Sure.  But I don't know how this is particularly relevant to the 15 percent I'm referring to.  I suspect this may be another case of you misunderstanding then conflating the measurement of racial resentment/implicit racism with casting all of such respondents as coopting Trump's most racist policies and statements.

I'm saying that the most likely thought is that they knew Trump was racist and supported those views (quite happily) or they knew he was racist and were okay with voting for him in spite of it. The notion that they're totally like 'whaaaat? nah' is not something I think is supportable any more. 

Again, Cinemax theory of racism. 

11 hours ago, dmc515 said:

Ok.  Frankly I don't see how this contradicts my point that 15% of the electorate is malleable.  In fact it supports the argument.

It doesn't, because that 15% already defected. You're saying that a bunch of those Republicans who are supporting Trump can be swayed. I think that what republicans could be swayed already happened; they were going to give Trump a chance, and then they gave up after a month. What we have left is 40% of the US and 82% of Republicans who like him, and like him for being who he is. 

11 hours ago, dmc515 said:

I'm saying that your top graph here is a perfectly valid argument, and is indeed one factor I agree with.  Hillary did not get out the voters she needed in urban areas, particularly urban areas in Wisconsin, Michigan, Ohio, and even Pennsylvania.  But, there's also plenty of voters that flipped, and after a year of Trump plenty of these guys are ripe for the picking - and these are the people that don't stick to their guns.  Except if you tell them that they were racist for voting for Trump in the first place.  How is refraining from saying that alienating the Dems' base?  Is there seriously anyone out there that won't vote Democrat if they don't say all Trump voters are racist or complicit in racism?  If there is, then yeah, I'm fine alienating them.
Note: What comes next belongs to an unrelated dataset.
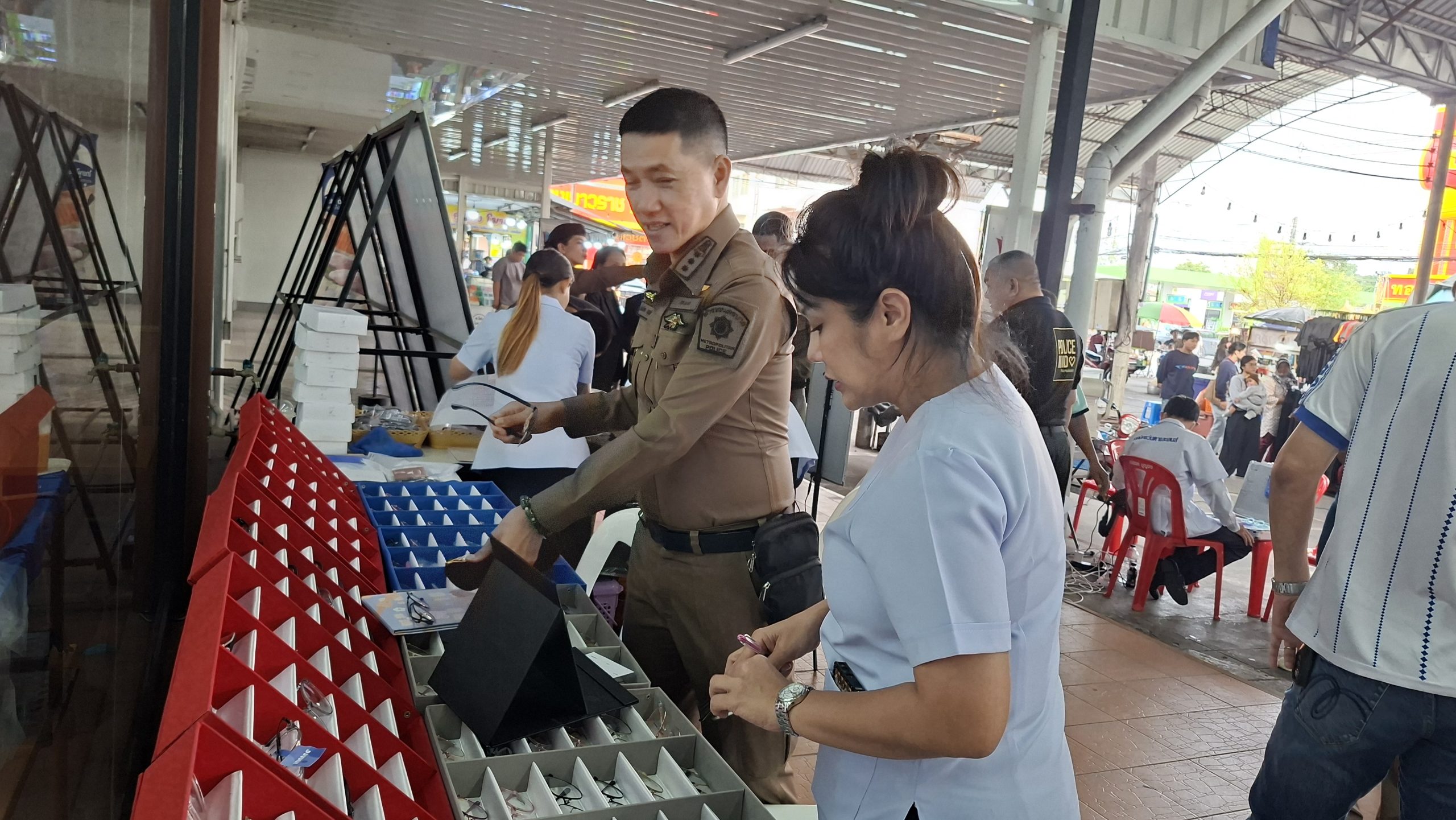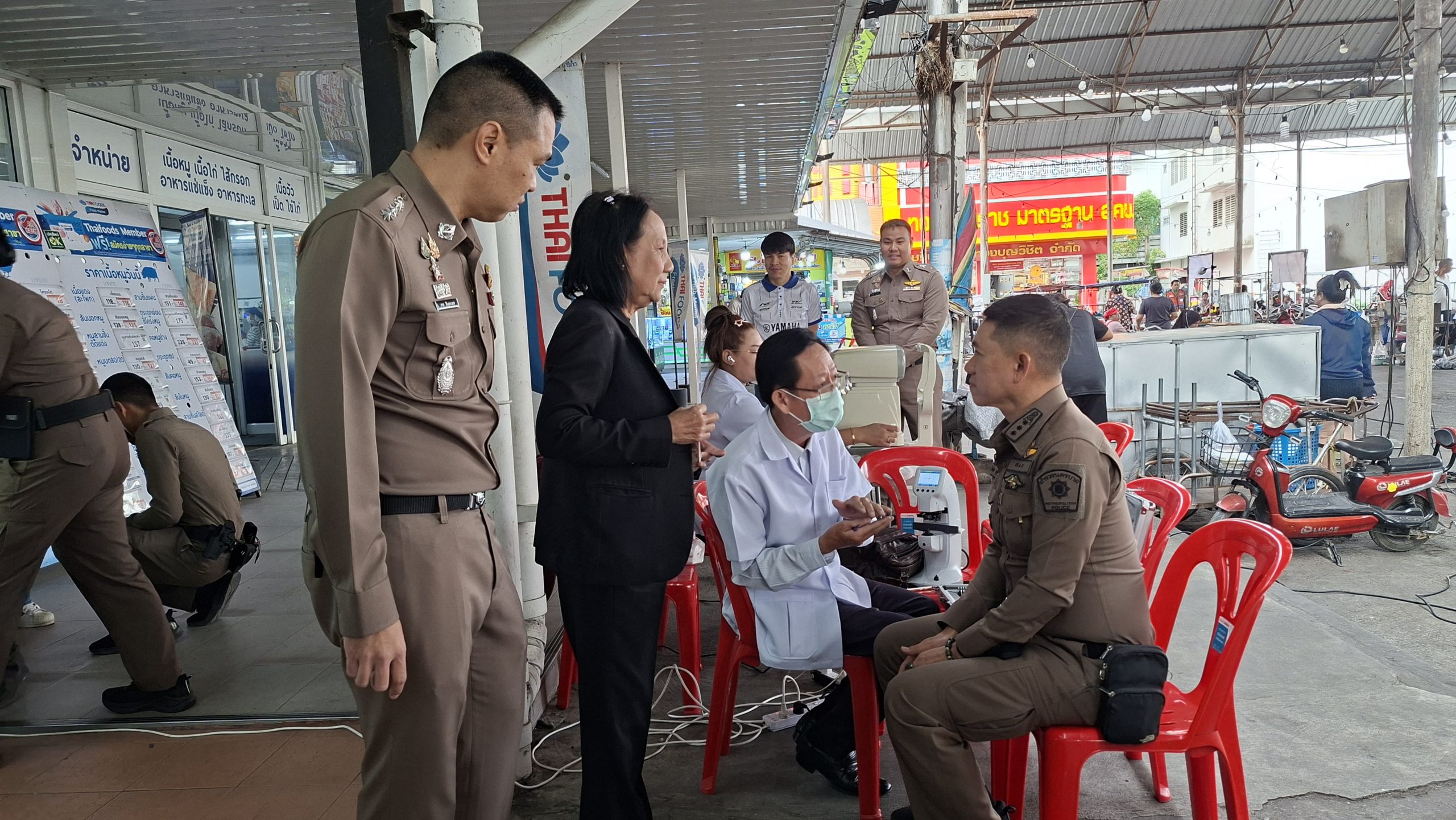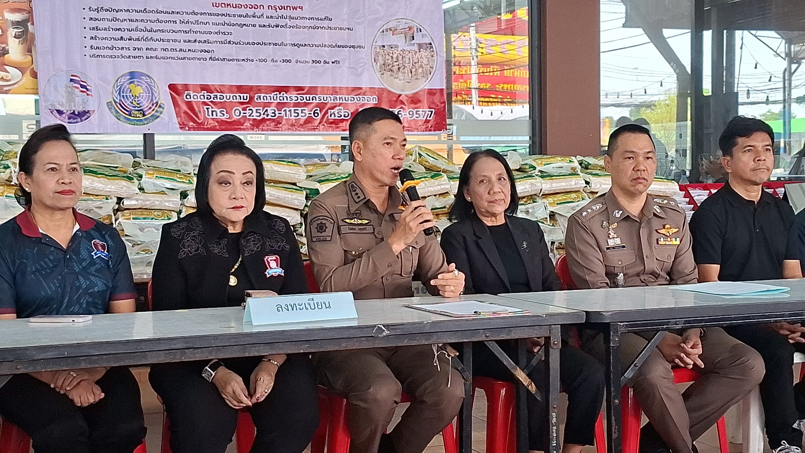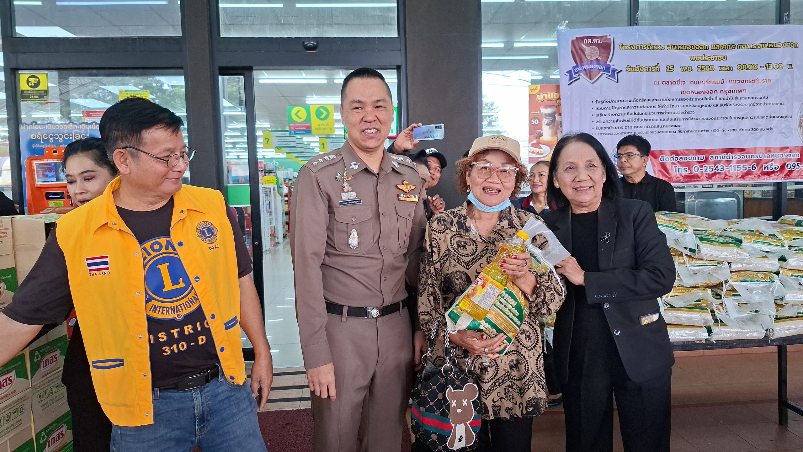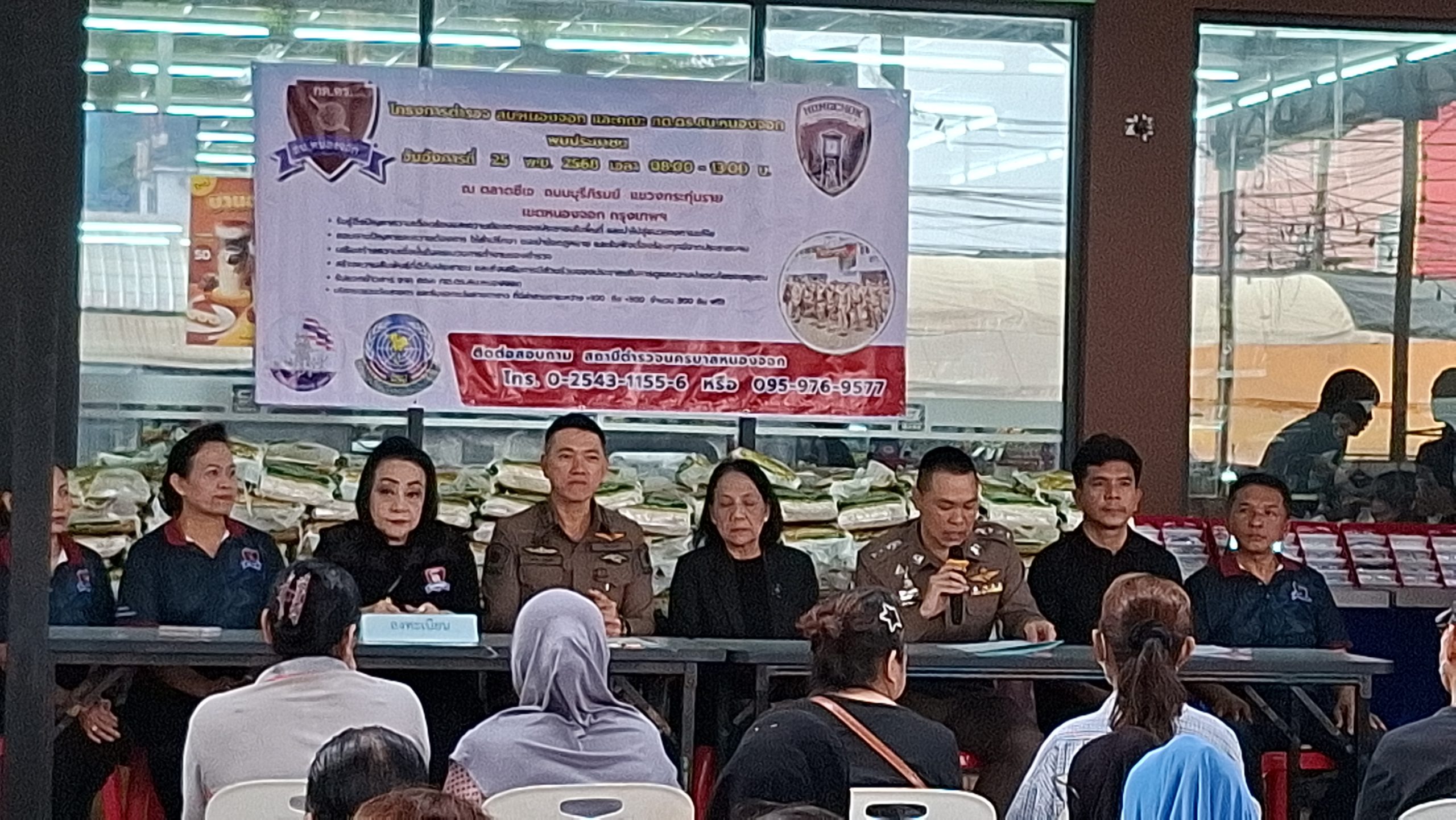 วันอังคารที่ 25 พ.ย. 2568 เวลา 08.00 – 13.00 น. ณ ตลาดซีเจ ถ.บุรีภิรมย์ พ.ต.อ.โฆษิต บุญทวี รอง ผบก.น.3 เป็นประธานเปิดโครงการตำรวจ และคณะ กต.ตร.สน.หนองจอก พบประชาชน พ.ต.อ.สกล อิงอุดมนุกูล ผกก.สน.หนองจอก ดร.สุวิมล หวังกิจ ประธาน กต.ตร.สน.หนองจอก และคณะ กต.ตร.สน.หนองจอก ข้าราชการตำรวจ สน.หนองจอก ประชาชนชาวหนองจอก ร่วมกิจกรรม โดยมีวัตถุประสงค์เพื่อ รับรู้ถึงปัญหาความเดือดร้อนและความต้องการของประชาชนในพื้นที่ และนำไปสู่แนวทางการแก้ไข สอบถามปัญหาและความต้องการ ให้คำปรึกษา แนะนำข้อกฎหมาย และรับฟังเรื่องร้องทุกข์จากประชาชนฯ เสริมสร้างความเชื่อมั่นในกระบวนการทำงานของตำรวจ สร้างความสัมพันธ์ที่ดีกับประชาชน และส่งเสริมการมีส่วนร่วมของประชาชนในการดูแลความปลอดภัยของชุมชน ในงาน คณะ กต.ตร.ได้มอบ ข้าวสารและน้ำมันพืช บริษัทยามาฮ่าวรภัณฑ์ ปราจีนบุรี บริการตรวจวัดสายตา และแจกแว่นตา ค่าสายตาระหว่าง +1.00 D ถึง +3.00 D จำนวน 300 อัน แก่ประชาชนที่มาร่วมงาน ฟร๊ มีผู้เข้าร่วมงานประมาณ 300 คน และมีการประชาสัมพันธ์โครงการประเมิน ITA ของ สน.หนองจอก ให้กับประชาชนที่มาร่วมงานทราบ

To be clear, I'm not saying they were racist for voting for Trump. I'm saying that they voted for racism. Whether that makes them racist or not really doesn't matter in the grand scheme of things, because they're not the ones who are going to get hurt by it. 

If you refrain from saying that and you work hard to give them what they want - things like no black lives matter, no DACA, no #metoo, no women's rights - that alienates your base. And that's what we've seen. Because it's not just about saying that they're not racist (which will still piss off your allies), it's also about giving them something else. 

11 hours ago, dmc515 said:

No.  There is plenty of research that does demonstrate such swing voters will change their minds if you don't activate their racial resentment.  It's why the biggest campaign mistake Hillary will admit to is "basket of deplorables."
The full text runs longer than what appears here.